What the task asks → Everything in the data except the pictures belongs in your answer, copied exactly.

Listed entries →
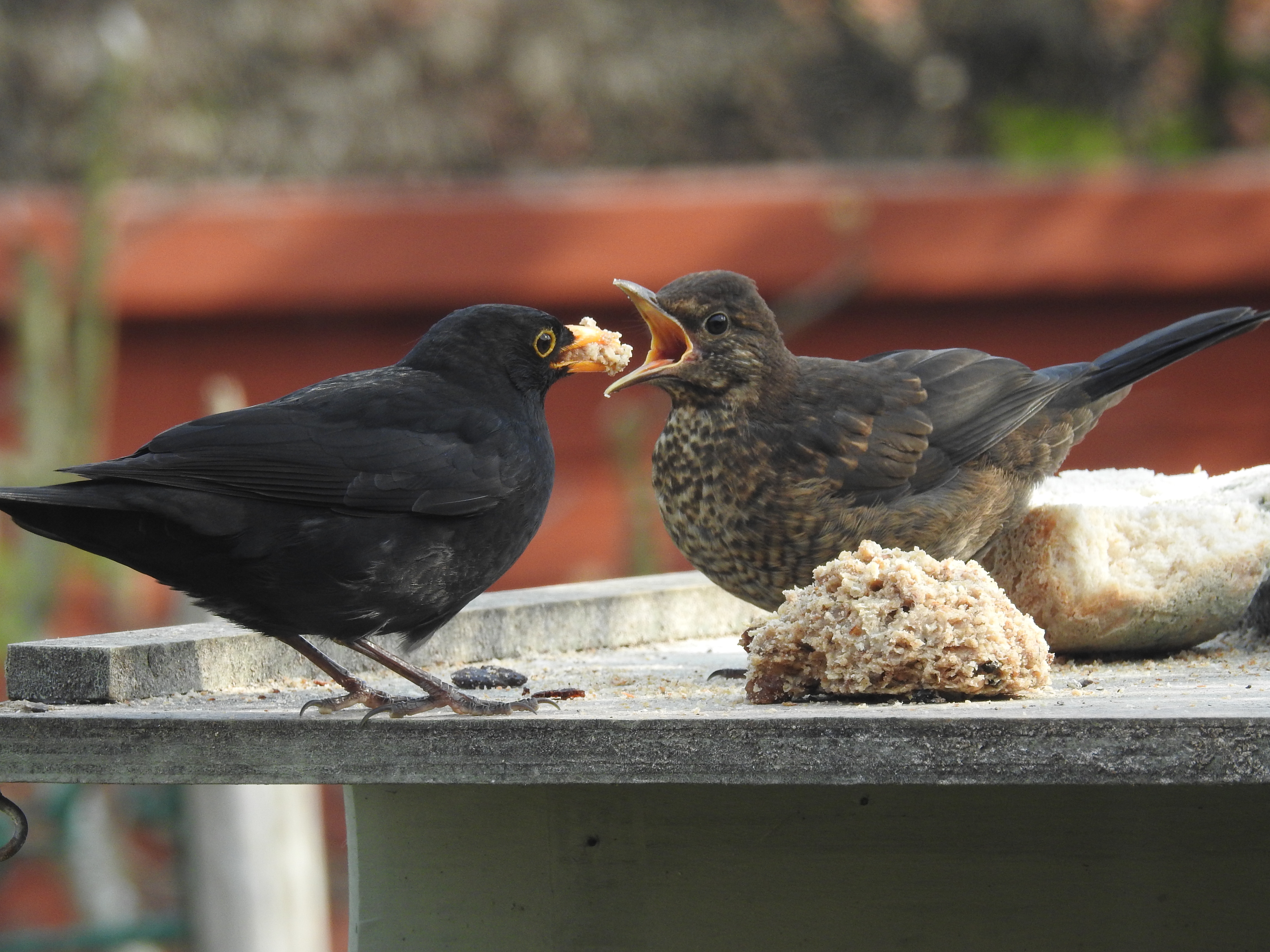 Male blackbird feeding young (Joan Smith)
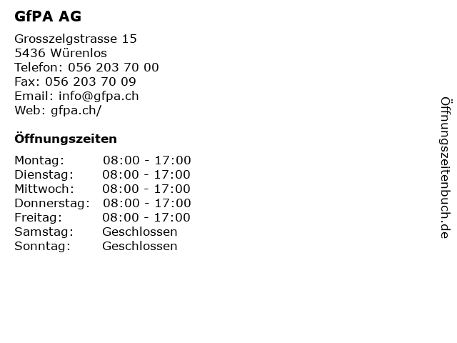| Öffnungszeiten GfPA AG in Würenlos anzeigen | |
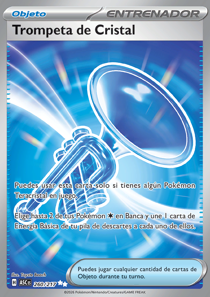 Puedes usar esta carta solo si tienes algún Pokémon Teracristal en juego. Elige hasta 2 de tus Pokémon en Banca y une 1 carta de Energía Básica de tu pila de descartes a cada uno de ellos. |
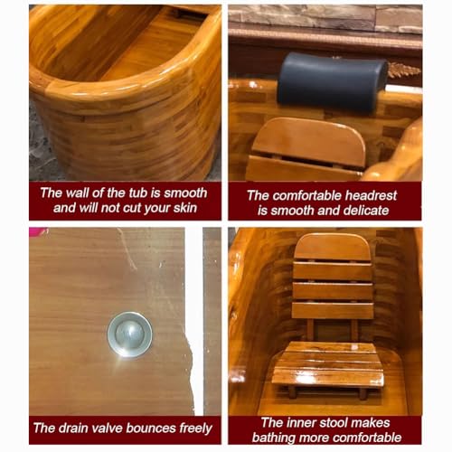 Intime Details: Die Wand der Wanne ist glatt und schneidet die Haut nicht.Es ist handpoliert und jedes Holzfass ist mehr als fünfmal poliert.Bequeme Kopfstütze, glattes und empfindliches Gefühl, Lichtbogenform, technisches Design, Popup-Abflussventil, bequeme Entwässerung, bequemer Innenhocker, bequemeres Baden.
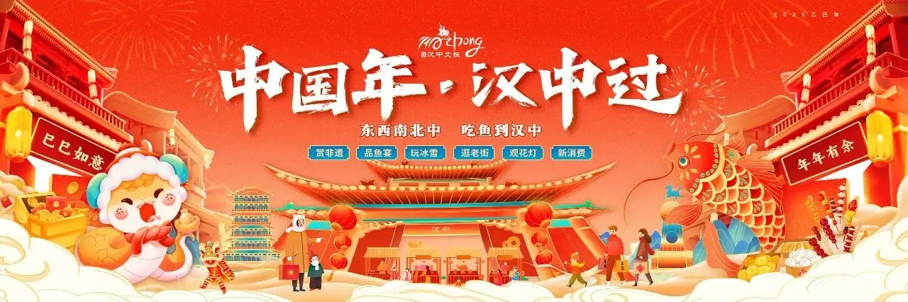 辞旧迎新,灵蛇迎春来,为满足广大市民游客多元化文化需求,充分挖掘“汉风古韵”文化内涵,汉中市创新策划了“中国年·汉中过”2025迎新春促消费活动,创新举办特色文旅活动、体育赛事、购物消费等活动,打造非遗民俗贺新春、品味传统中国年、文旅消费新体验、绿水青山赏新春四大主题体验区,为广大市民游客奉上一场场“汉风盛宴”,营造“欢欢喜喜过大年”的浓厚氛围。
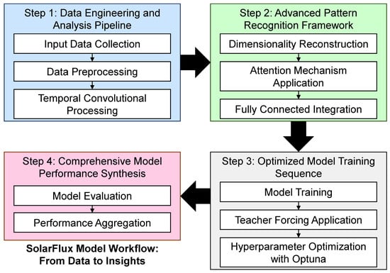 In this study, we proposed SolarFlux, a deep NN model designed to improve the prediction accuracy of time series data. SolarFlux utilizes TCNs, which efficiently process temporal information. The model incorporates dilated convolutions and residual connections to expand its receptive field, thereby reducing information loss and preventing gradient decay in deep networks. In addition, SolarFlux incorporates a self-attention mechanism that dynamically understands data interactions, allowing it to effectively handle complex sequence patterns through a temporal fusion transformer. Teacher forcing and hyperparameter optimization with Optuna are implemented to improve prediction accuracy and maximize the model’s performance. The overall structure of the SolarFlux model is illustrated in Figure 2.
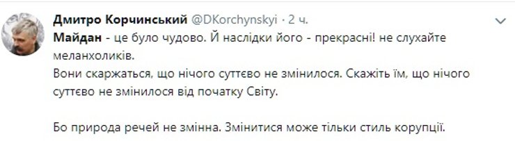 "Все, что больше - должно сделать государство, которое мы утратили в 2014-м, и которое пытаемся выстроить на обломках власти. Государство, в котором власть фрагментирована, где правят феодальные правила, которое запутано хаосом личных отношений, нелепых и отживших привычек, противоречивых и неграмотных законов. В этом хаосе постепенно выстраивается система", - написал он в соцсети.
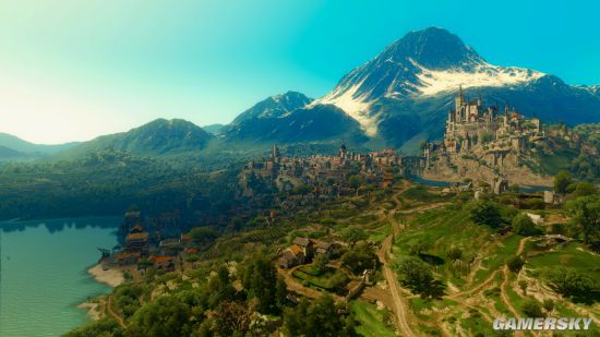 而《巫师3》中诺维格瑞的永恒之火神殿以及鲍克兰宫殿的塑造也有异曲同工之妙,这两处建筑建在山顶,通过周围景观衬托出象征性的主导地位,散发出很强的存在感。这些城市都有着高达的围墙,但是它们从未将城市和自然景观分开,不仅如此,自然景观和城市的空间界限其实相当模糊。这一点就和前文我们提到的版画一样,《巫师3》的城市是逐步过渡到姣区、农村地区最后边际是大布片未经开垦的荒野,从远处看城市就在树木的掩映当中。
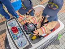 子供が防火衣を着装しミニ救急車に乗っている様子
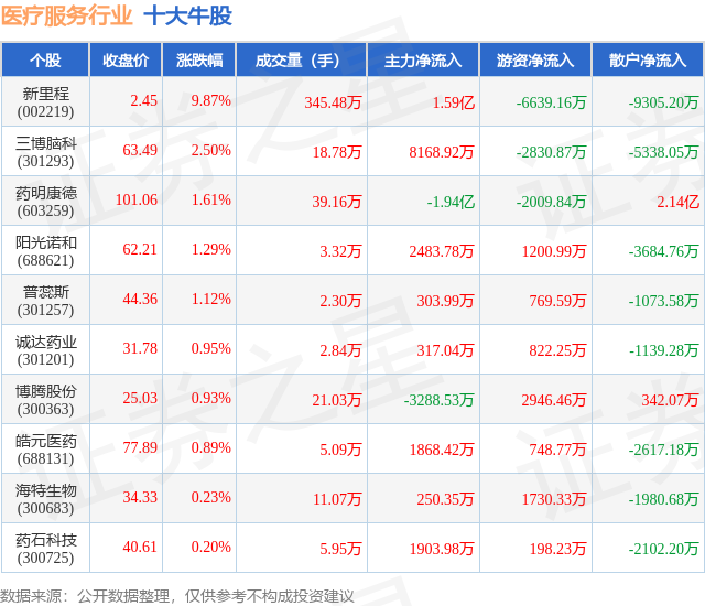 个股表现方面,医疗服务行业当日领涨股为新里程(002219),该股当日报收2.45,上涨9.87%,成交量345.48万,主力资金净流入1.59亿元。三博脑科(301293)以上涨2.5%紧随其后,该股当日成交量18.78万,主力资金净流入8168.92万元。除此之外,药明康德(603259)、阳光诺和(688621)、普蕊斯(301257)均进入当日牛股之列。具体个股列表见下表:
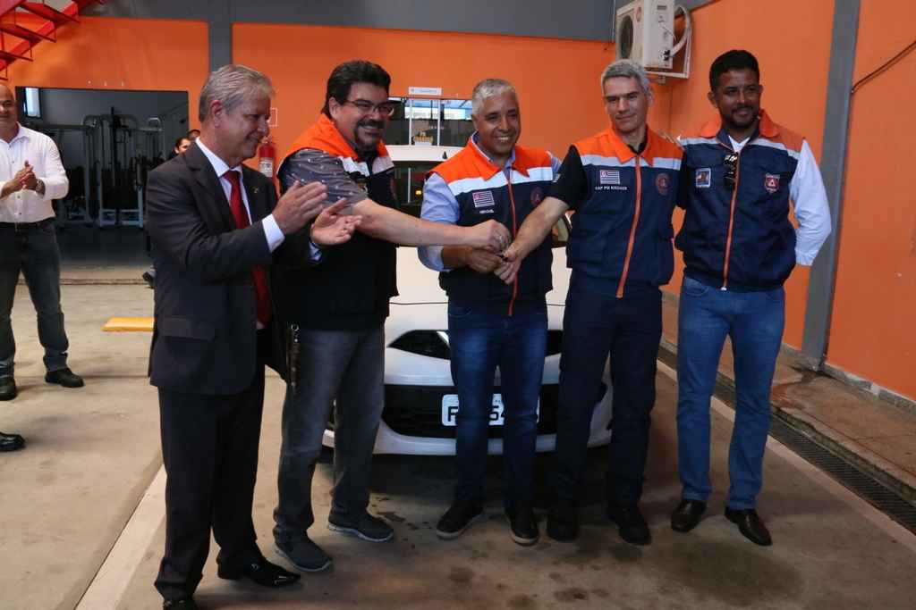 #PraCegoVer: Representantes da Defesa Civil e da Câmara pegam chave da viatura que será usada pela equipe (Foto: Divulgação/PMC)

Task solution →
 Male blackbird feeding young (Joan Smith)
| Öffnungszeiten GfPA AG in Würenlos anzeigen | |
 Puedes usar esta carta solo si tienes algún Pokémon Teracristal en juego. Elige hasta 2 de tus Pokémon en Banca y une 1 carta de Energía Básica de tu pila de descartes a cada uno de ellos. |
 Intime Details: Die Wand der Wanne ist glatt und schneidet die Haut nicht.Es ist handpoliert und jedes Holzfass ist mehr als fünfmal poliert.Bequeme Kopfstütze, glattes und empfindliches Gefühl, Lichtbogenform, technisches Design, Popup-Abflussventil, bequeme Entwässerung, bequemer Innenhocker, bequemeres Baden.
 辞旧迎新,灵蛇迎春来,为满足广大市民游客多元化文化需求,充分挖掘“汉风古韵”文化内涵,汉中市创新策划了“中国年·汉中过”2025迎新春促消费活动,创新举办特色文旅活动、体育赛事、购物消费等活动,打造非遗民俗贺新春、品味传统中国年、文旅消费新体验、绿水青山赏新春四大主题体验区,为广大市民游客奉上一场场“汉风盛宴”,营造“欢欢喜喜过大年”的浓厚氛围。
 In this study, we proposed SolarFlux, a deep NN model designed to improve the prediction accuracy of time series data. SolarFlux utilizes TCNs, which efficiently process temporal information. The model incorporates dilated convolutions and residual connections to expand its receptive field, thereby reducing information loss and preventing gradient decay in deep networks. In addition, SolarFlux incorporates a self-attention mechanism that dynamically understands data interactions, allowing it to effectively handle complex sequence patterns through a temporal fusion transformer. Teacher forcing and hyperparameter optimization with Optuna are implemented to improve prediction accuracy and maximize the model’s performance. The overall structure of the SolarFlux model is illustrated in Figure 2.
 "Все, что больше - должно сделать государство, которое мы утратили в 2014-м, и которое пытаемся выстроить на обломках власти. Государство, в котором власть фрагментирована, где правят феодальные правила, которое запутано хаосом личных отношений, нелепых и отживших привычек, противоречивых и неграмотных законов. В этом хаосе постепенно выстраивается система", - написал он в соцсети.
 而《巫师3》中诺维格瑞的永恒之火神殿以及鲍克兰宫殿的塑造也有异曲同工之妙,这两处建筑建在山顶,通过周围景观衬托出象征性的主导地位,散发出很强的存在感。这些城市都有着高达的围墙,但是它们从未将城市和自然景观分开,不仅如此,自然景观和城市的空间界限其实相当模糊。这一点就和前文我们提到的版画一样,《巫师3》的城市是逐步过渡到姣区、农村地区最后边际是大布片未经开垦的荒野,从远处看城市就在树木的掩映当中。
 子供が防火衣を着装しミニ救急車に乗っている様子
 个股表现方面,医疗服务行业当日领涨股为新里程(002219),该股当日报收2.45,上涨9.87%,成交量345.48万,主力资金净流入1.59亿元。三博脑科(301293)以上涨2.5%紧随其后,该股当日成交量18.78万,主力资金净流入8168.92万元。除此之外,药明康德(603259)、阳光诺和(688621)、普蕊斯(301257)均进入当日牛股之列。具体个股列表见下表:
 #PraCegoVer: Representantes da Defesa Civil e da Câmara pegam chave da viatura que será usada pela equipe (Foto: Divulgação/PMC)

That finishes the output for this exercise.